Say what you want about the man’s darker side — and I will read the other book, the unauthorized one that was in the works when Rubio decided to preempt it and write his version — and his willingness to accept Republican nominee Mitt Romney’s ridiculous positions on immigration, just for starters. He still makes more sense than a lot of people on the two extremes on this issue and I’d rather have him working on it from the inside than not.
In any case, like it or not, we better start accepting that Rubio — whether he becomes a running mate now or later — is a force to be reckoned with. This year, next year — and for years to come.
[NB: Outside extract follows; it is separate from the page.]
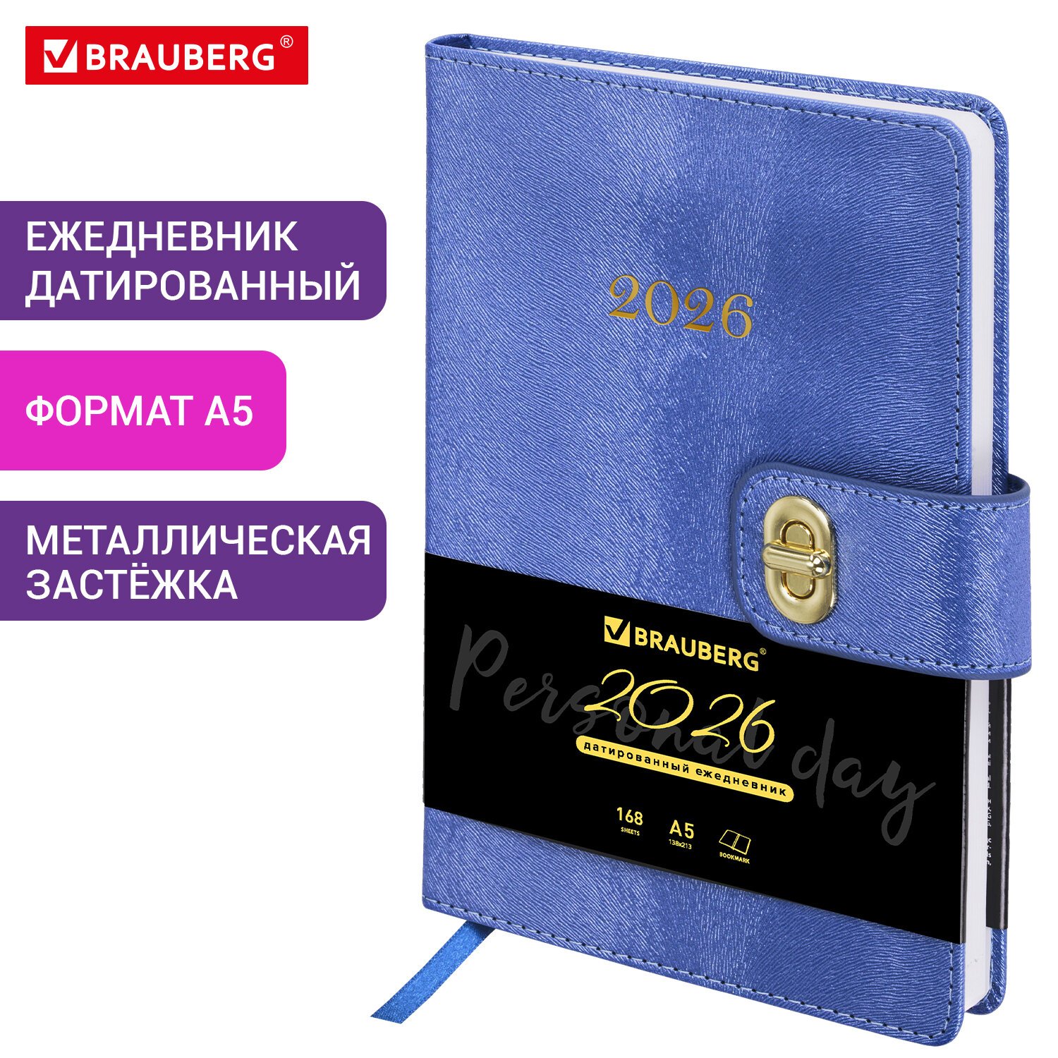 Ежедневник датированный 2026 А5 138х213мм BRAUBERG Elegant, под кожу, застежка, фиолетовый, 117370

So that’s one reason why Ladra is following him around like I’m a puppy again, like I used to follow the Grateful Dead from town to town for a very short while. Very short. Yes, I’ve come a long way from wannabe deadhead and now I want to be the nation’s foremost “Rubiologist.” (Note to self: We have to trademark that.) I told him this as he signed my book and he laughed what seemed a truly genuine, surprised laugh. Not unlike he laughed throughout the day. I think he sorta got a kick out of it.
“We can help you do that,” he said, probably half joking.
But a girl can hope and dream, can’t she?